000 Xxxxxxxxx Xxxxxx
0xx Xxxxx
Xxx Xxxx, Xxx Xxxx 00000
Attention: Xxxxx X. Xxxxx
Facsimile: 000-000-0000
If to the Advisor:
AIS Futures Management, Inc.
000 Xxxx Xxxxxx
Xxx Xxxx, Xxx Xxxx 00000
Attention: Xxxx X. Xxxxxx
Facsimile: 000-000-0000
13. GOVERNING LAW. This Agreement shall be governed
by and construed in accordance with the laws of the State of New
York.
14. ARBITRATION. The parties agree that any dispute or controversy
arising out of or relating to this Agreement or the interpretation thereof,
shall be settled by arbitration in accordance with the rules, then in effect, of
the National Futures Association or, if the National Futures Association shall
refuse jurisdiction, then in accordance with the rules, then in effect, of the
American Arbitration Association; provided, however, that the power of the
arbitrator shall be limited to interpreting this Agreement as written and the
arbitrator shall state in writing his reasons for his award.
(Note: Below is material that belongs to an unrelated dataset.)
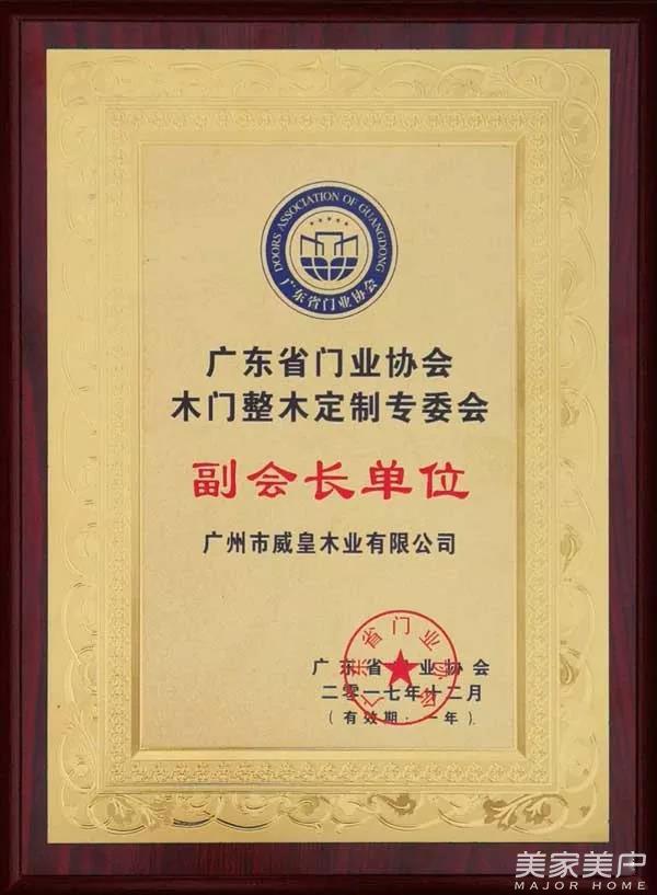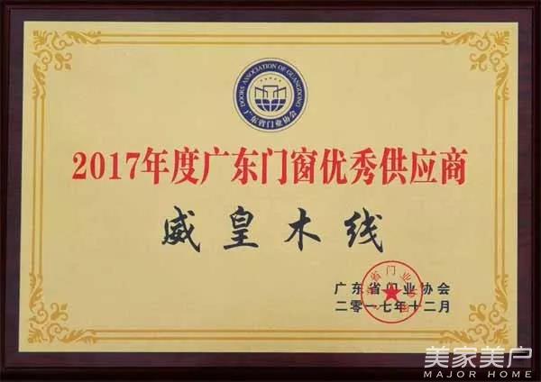 “2017年度广东优秀门窗供应商”:此项荣誉象征着消费者与行业协会对威皇木线的最大肯定,更是对威皇木线的一种激励!2017已近尾声,2018即将来临,威皇木线将秉承门窗工匠的精神,为门窗业提供更多环保实木线条,为更多的家庭缔造幸福!

Judgment upon any
award made by the arbitrator may be entered in any court of competent
jurisdiction.
15. NO THIRD PARTY BENEFICIARIES. There are no third
party beneficiaries to this Agreement.
IN WITNESS WHEREOF, this Agreement has been executed for and on
behalf of the undersigned as of the day and year first above written.
XXXXX XXXXXX FUTURES MANAGEMENT INC.
By________________________
Xxxxx X. Xxxxx
President and Director
XXXXX XXXXXX DIVERSIFIED FUTURES FUND L.P.
By: Xxxxx Xxxxxx Futures Management Inc.
(General Partner)
By________________________
Xxxxx X. Xxxxx
President and Director
AIS FUTURES MANAGEMENT, INC.
By________________________
Name:
Title:
Appendix A
Net Assets. NET ASSETS of the Partnership shall mean the total assets
of the Partnership including all cash, plus Treasury Bills at market, accrued
interest, and the market value of all open commodity positions maintained by the
Partnership, less brokerage charges accrued and less all other liabilities of
the Partnership, determined in accordance with generally accepted accounting
principles under the accrual basis of accounting.